#### [Work to complete]
The required output is the stretch from the line containing "Estella warrants its" through the line containing "A 9ct gold ring, claw" in the records below, unaltered and with no pictures.

#### [Information]
--

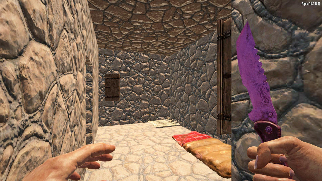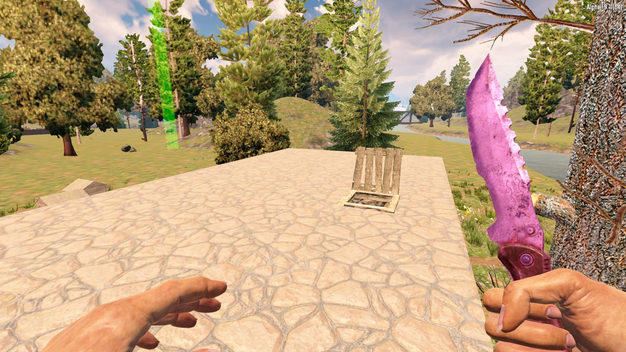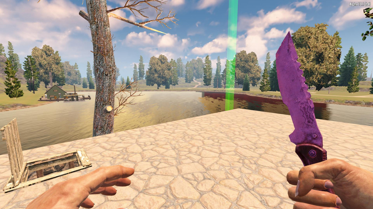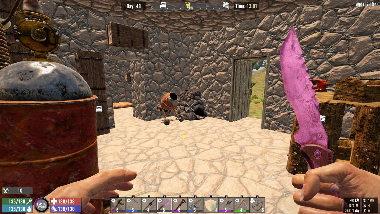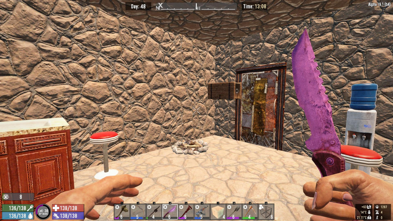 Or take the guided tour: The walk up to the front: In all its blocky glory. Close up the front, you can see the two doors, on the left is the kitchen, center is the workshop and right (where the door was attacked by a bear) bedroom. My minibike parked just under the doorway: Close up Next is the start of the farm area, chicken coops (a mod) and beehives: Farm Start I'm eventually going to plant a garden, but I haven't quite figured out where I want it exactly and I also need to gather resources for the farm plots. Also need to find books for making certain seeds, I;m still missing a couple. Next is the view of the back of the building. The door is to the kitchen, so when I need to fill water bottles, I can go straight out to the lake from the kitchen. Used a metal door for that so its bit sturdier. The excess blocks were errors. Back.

--

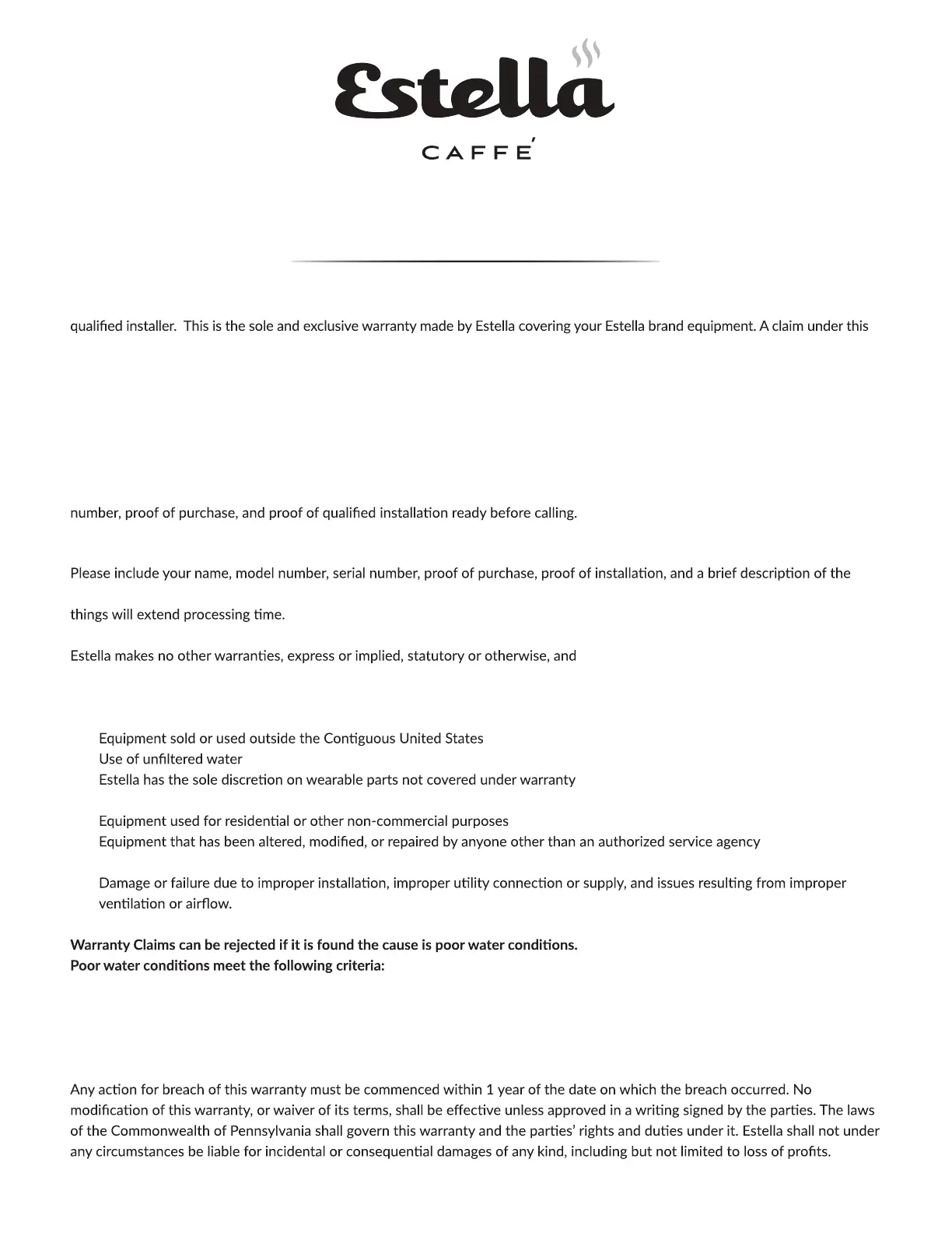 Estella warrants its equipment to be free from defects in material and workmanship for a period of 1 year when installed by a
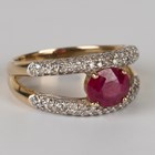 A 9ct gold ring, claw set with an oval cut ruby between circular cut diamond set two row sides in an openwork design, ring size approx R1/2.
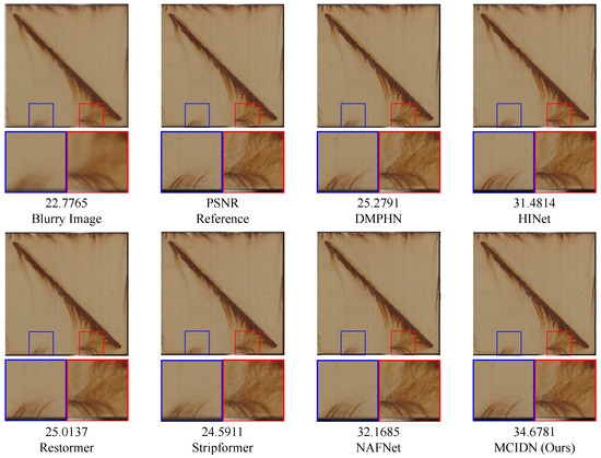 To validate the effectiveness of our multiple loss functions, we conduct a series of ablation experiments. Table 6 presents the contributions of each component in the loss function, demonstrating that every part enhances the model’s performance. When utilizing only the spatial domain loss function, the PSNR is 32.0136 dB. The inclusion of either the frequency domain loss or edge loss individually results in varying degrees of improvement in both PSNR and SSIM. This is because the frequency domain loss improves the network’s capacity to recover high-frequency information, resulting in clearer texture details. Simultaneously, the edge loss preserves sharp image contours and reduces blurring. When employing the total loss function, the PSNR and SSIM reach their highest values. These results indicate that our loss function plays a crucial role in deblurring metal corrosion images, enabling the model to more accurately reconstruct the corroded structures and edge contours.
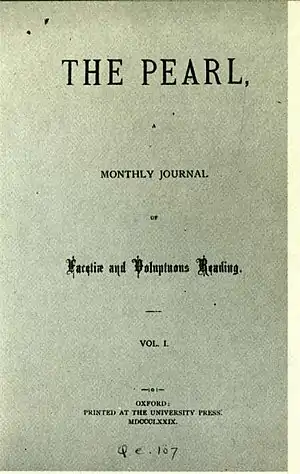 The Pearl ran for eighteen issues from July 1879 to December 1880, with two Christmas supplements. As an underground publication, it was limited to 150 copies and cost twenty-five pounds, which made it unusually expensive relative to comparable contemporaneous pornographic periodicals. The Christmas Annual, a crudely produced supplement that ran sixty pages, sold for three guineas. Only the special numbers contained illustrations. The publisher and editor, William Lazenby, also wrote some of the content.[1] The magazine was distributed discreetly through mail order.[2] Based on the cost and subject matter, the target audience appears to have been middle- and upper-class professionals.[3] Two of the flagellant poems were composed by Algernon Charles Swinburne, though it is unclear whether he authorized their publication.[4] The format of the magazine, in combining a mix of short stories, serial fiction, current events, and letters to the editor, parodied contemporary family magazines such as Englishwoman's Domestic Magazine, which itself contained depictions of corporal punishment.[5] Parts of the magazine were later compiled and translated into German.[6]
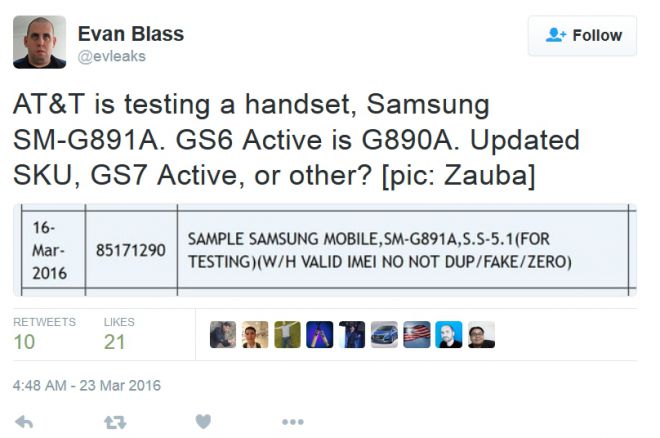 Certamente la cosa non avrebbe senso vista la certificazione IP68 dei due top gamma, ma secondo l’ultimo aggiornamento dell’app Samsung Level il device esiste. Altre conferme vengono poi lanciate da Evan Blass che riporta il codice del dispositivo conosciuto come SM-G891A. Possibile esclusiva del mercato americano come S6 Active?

--

#### [Your solution]
 Estella warrants its equipment to be free from defects in material and workmanship for a period of 1 year when installed by a
 A 9ct gold ring, claw set with an oval cut ruby between circular cut diamond set two row sides in an openwork design, ring size approx R1/2.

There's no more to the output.